360
- Issue 39 (August 2008) of 360 – The cover art features Far Cry 2.
- Editor: Nick Jones
- Categories: Video games
- Frequency: Three-weekly
- Circulation: 12,939 (Jul 08 – Dec 08) 13,007 (Jan 08 – Jun 08) 13,364 (Jul 07 – Dec 07)
- Publisher: Imagine Publishing
- First issue: 19 August 2005
- Final issue: 2012
- Country: United Kingdom
- Based in: Bournemouth
- Language: English
- Website: www.360magazine.co.uk
- ISSN: 1747-7859

= 360 (magazine) =

Xbox 360 video games magazine published by Imagine Publishing

360 was an Xbox 360 video games magazine published by Imagine Publishing in the UK. Originally published four-weekly, the magazine switched to a three-weekly schedule in 2009.

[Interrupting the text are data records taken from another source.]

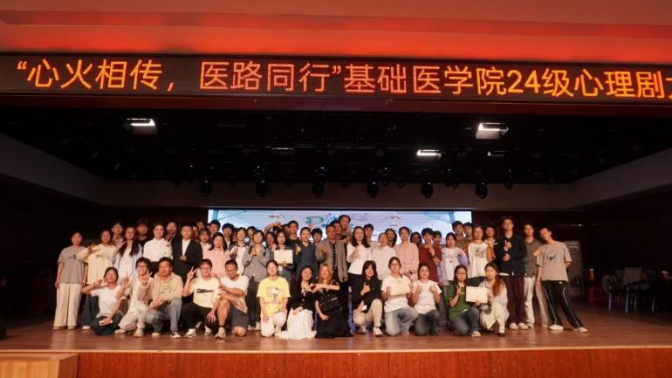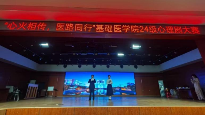 为丰富校园文化生活,服务同学们的身心健康,2025年4月26日上午,基础医公司2024级“心火相传,医路同行”心理剧大赛复赛在求是食堂四楼活动中心盛大举行。此次比赛2024级辅导员佘雅、赵琳、胡奉佳出席,并邀请基础医公司心理专干周君仪老师以及公司心理部部长宋天保亲临现场。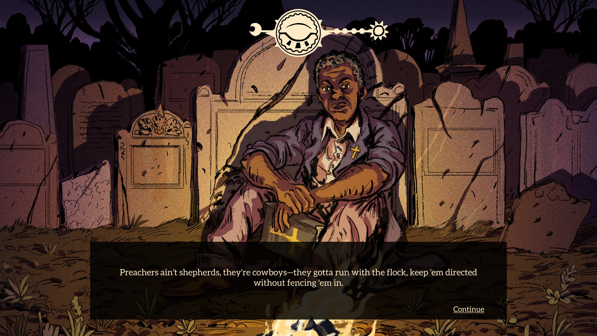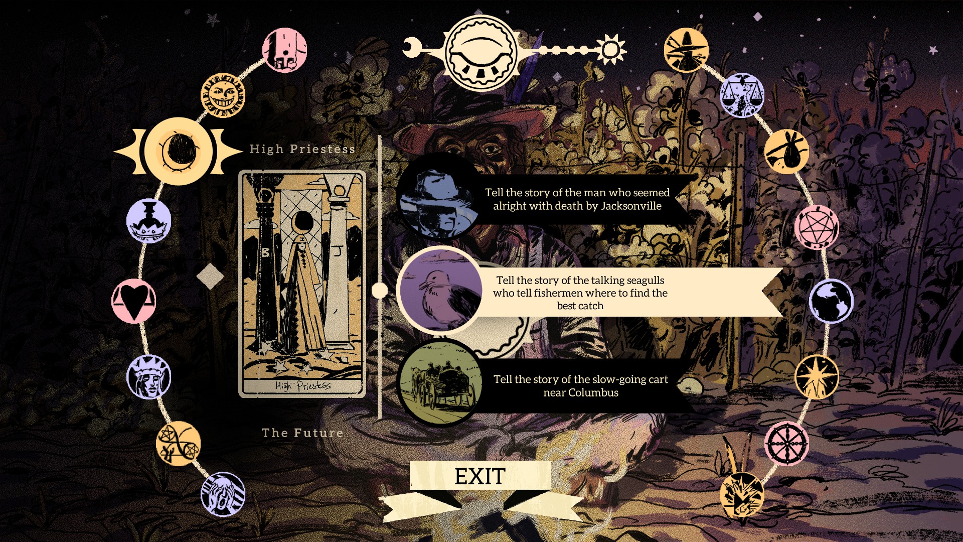 Спершу наш герой просто бродить по карті США і збирає правдиві, “сирі” історії, що лягають у його інвентар у вигляді карт, схожих на карти таро. Всі історії чудово озвучені і всі дуже різні. Не всі однаково хороші. Деякі одразу просяться лягти в основу цілої книжки чи фільму. Демонічний козел між спаленим будинком і кришталево чистим озером – це просто готова затравка для Гільєрмо дель Торо або Тіма Бартона. Інші оповідки спершу здаються абсолютно буденними – як-от історія про двох жінок, заарештованих за контрабанду, однак згодом їхня цінність розкривається повніше. Буквально десяток з понад 250 історій я просто не зрозумів – не через незнання англійської (англійська мені як друга рідна) а через нерозуміння, що такого в принципі відбулося в описаній ситуації.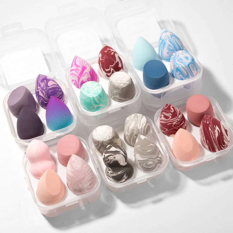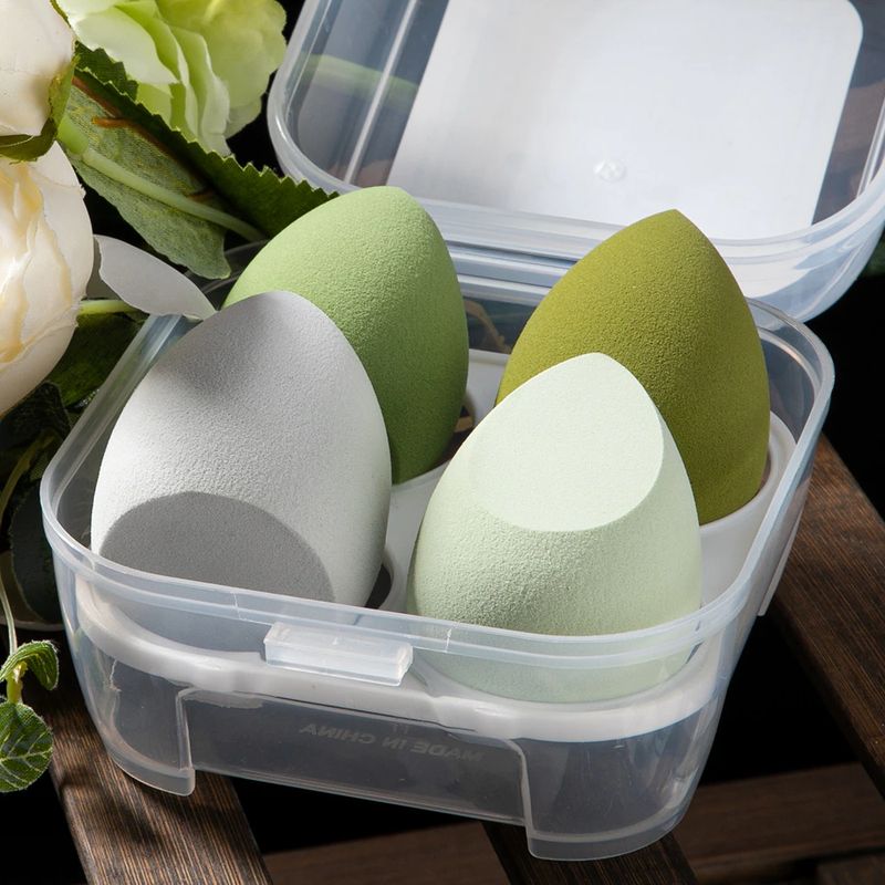 Éponges à maquillage avec boîte de rangement pour femme, outil de beauté, accessoire durable, pour fond de teint et anti cernes, 4 pièces,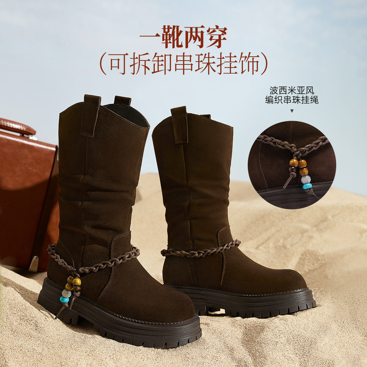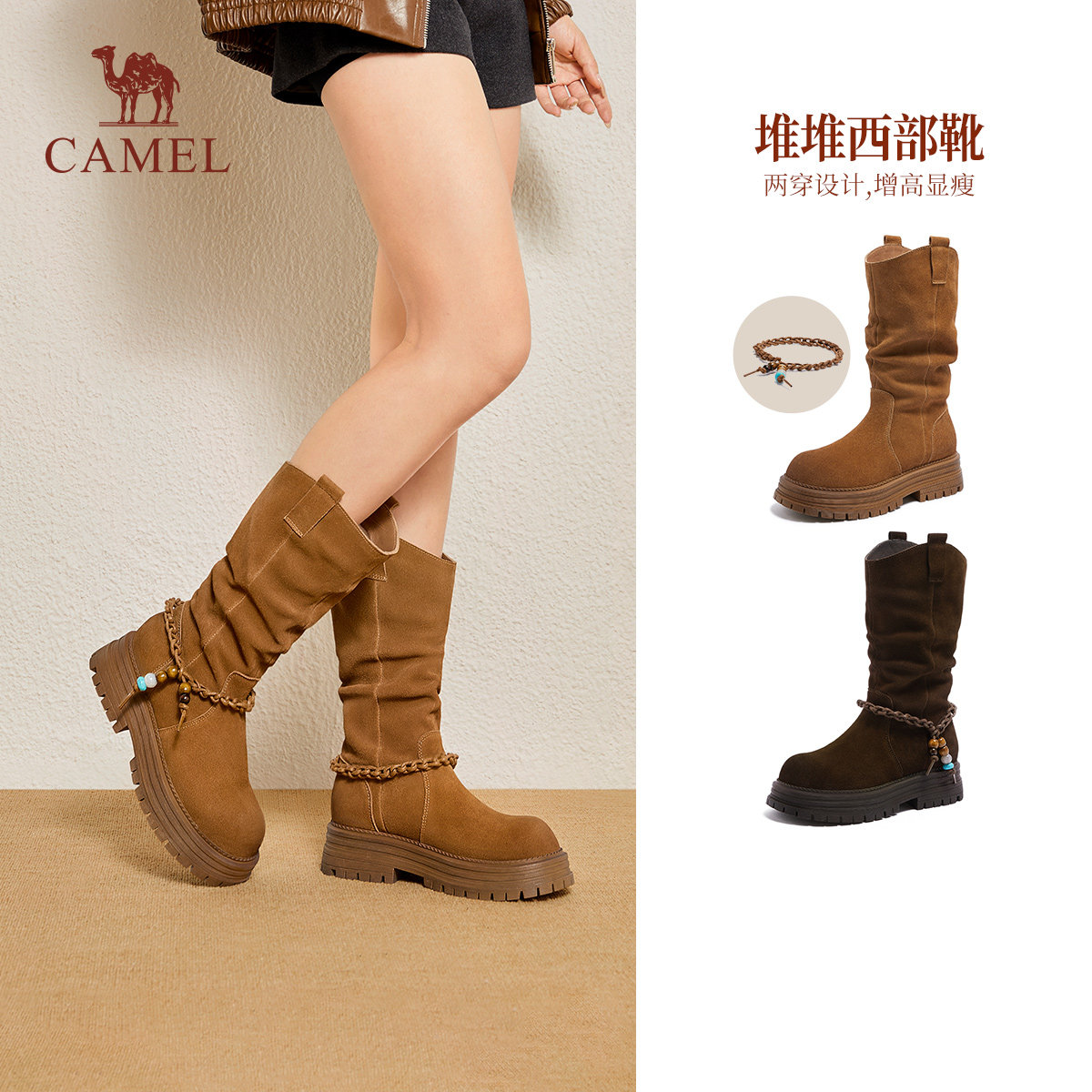 📚 骆驼女鞋2025冬季骆驼时装靴女英伦风加绒短靴厚底增高休闲靴

The magazine was withdrawn from sale following its merger with sister publication X360 in July 2012.

== Overview ==
The magazine was split into four main sections: Agenda, Foreplay, Reviews, and Live Style. The double page spread on pages eight and nine, called Thread, was composed of emails, letters and posts or sections of posts from the 360 magazine forum. On page nine, there was a pie chart showing votes cast on the 360 magazine forum on a different subject every week, which was chosen by the magazine staff. There were also two features following the Reviews section that sometimes were as long as ten pages. As a standard, the magazine was 130 pages long.

== Merger with X360 ==
On 7 June 2012, Imagine announced to 360's forum that 360 and its sister publication, X360, were to merge under the latter's name. As a result, 360 was to be withdrawn from sale, with no further issues published.

The first issue of the new X360 went on sale on 11 July 2012.